In [1]:
// boring imports
var Plot = require('plotly-notebook-js');
var {loadLabelledWine} = require('./utils');

'use strict'

# Supervised Learning


![Supervised learning](images/slide_supervised.png)

### Techniques availble in mljs

 - KNN - K Nearest Neighbors
 - **SVM - Support Vector Machines**
 - Naive Bayes
 - Partial Least Squares [regression]
 - Random Forests


In [2]:
var {features, dataset} = loadLabelledWine({verbose: true});

our dataset has 178 rows and  14 columns
Alcohol | Malic Acid | Ash | Alcalinity of ash | Magnesium | Total phenols | Flavanoids | Nonflavanoid phenols | Proanthocyanins | Color intensity | Hue | OD280/OD315 of diluted wines | Proline | Class
---------------------------
14.23 | 1.71 | 2.43 | 15.6 | 127 | 2.8  | 3.06 | 0.28 | 2.29 | 5.64 | 1.04 | 3.92 | 1065 | 1
 13.2 | 1.78 | 2.14 | 11.2 | 100 | 2.65 | 2.76 | 0.26 | 1.28 | 4.38 | 1.05 | 3.4  | 1050 | 1
13.16 | 2.36 | 2.67 | 18.6 | 101 | 2.8  | 3.24 | 0.3  | 2.81 | 5.68 | 1.03 | 3.17 | 1185 | 1
14.37 | 1.95 | 2.5  | 16.8 | 113 | 3.85 | 3.49 | 0.24 | 2.18 | 7.8  | 0.86 | 3.45 | 1480 | 1
13.24 | 2.59 | 2.87 | 21   | 118 | 2.8  | 2.69 | 0.39 | 1.82 | 4.32 | 1.04 | 2.93 | 735  | 1


## Support Vector Machines


##### SVM in mljs

 - docs for the SVM module are [here](https://mljs.github.io/svm/)
 - docs for the various kernel options are [here](https://github.com/mljs/kernel)


In [3]:
var SVM = require('ml-svm');

var options = {
  C: 0.01,  // Regularisation Parameter
  tol: 10e-4,  // numerical tolerance
  maxPasses: 10,  // max number of times to iterate over alphas when no change
  maxIterations: 10000,  // max number of iterations
  kernel: 'rbf', // kernel to use see full like in kernel docs
  kernelOptions: {
    sigma: 0.5  // sets the gaussian width
  }
};

var svm = new SVM(options);

'use strict'

Next train the classifier, let's start with the original 2d feature vectors that we used in our first pass through kmeans.

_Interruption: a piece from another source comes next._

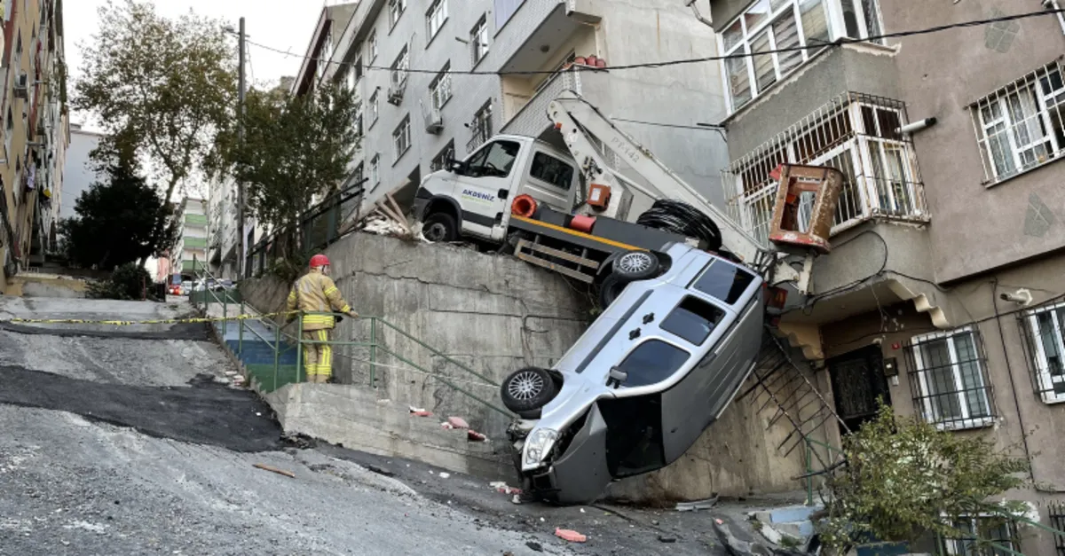 Kayarken çarptığı park halindeki hafif ticari araç istinat duvarından aşağı düştü. Bakım onarım aracı duvarda asılı kaldı. Hafif ticari aracın düştüğü yerde bulunan Elif Göğüs, yanındaki çocuğunu da çekerek son anda kaçabildi.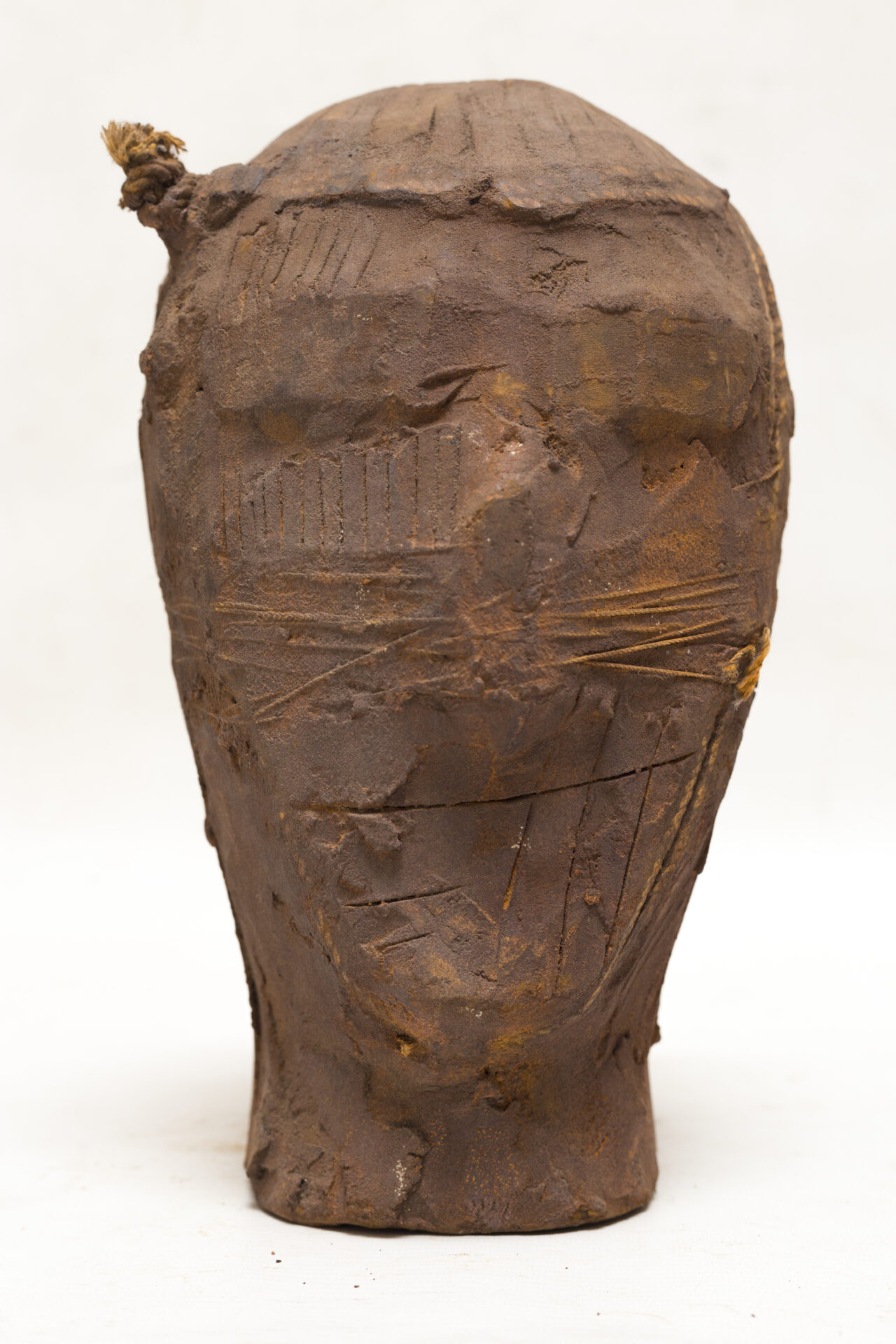 This terracotta sculpture, corroded by time, presents itself as a face in transformation. The rough texture and oxidized deposits evoke the erosion of time, which simultaneously erases, deforms, and reveals.

To do this, just call the `svm.train(inputs, labels)` with the input feature vectors and the true class labels.

In [4]:
var preprocess = require('ml-preprocess');



'use strict'

In [5]:
// prep our input data structures
var inputs = dataset.map(d => [d[0], d[11]]);
var labels = dataset.map(d => d[13] - 2); // needs label domain of {-1,1} rather then our labels of [0,1,2]

// train the model
svm.train(inputs, labels)

console.log(labels.slice(50,60))
console.log(inputs.slice(50,60).map(i => svm.predict(i)))

[ -1, -1, -1, -1, -1, -1, -1, -1, -1, 0 ]
[ -1, -1, -1, -1, -1, -1, -1, -1, -1, -1 ]


#### Margins

In [6]:
console.log(svm.margin(inputs.slice(0,5)))

[ -1.0099802987647664,
  -0.7583221166024475,
  -0.7583221166024475,
  -0.7583221166024475,
  -0.7583221166024475 ]


#### Support Vectors

In [10]:
console.log(svm.supportVectors().slice(0,5))

[ 1, 2, 4, 5, 6 ]


#### Measure Accuracy

Use the same confusion matrix approach as earlier to compute accuracy and f1-scores

In [13]:
var ConfusionMatrix = require('ml-confusion-matrix');
var actuals = labels;
var predicted = inputs.map(i => svm.predict(i));

var C = ConfusionMatrix.fromLabels(actuals, predicted)

'use strict'

#### Discussion

 - How does you accuracy compare with our unsupervised approaches?
 - Is this too good to be tru and should you be suspicous?
 - Can you think of how to get a better accuracy measurement?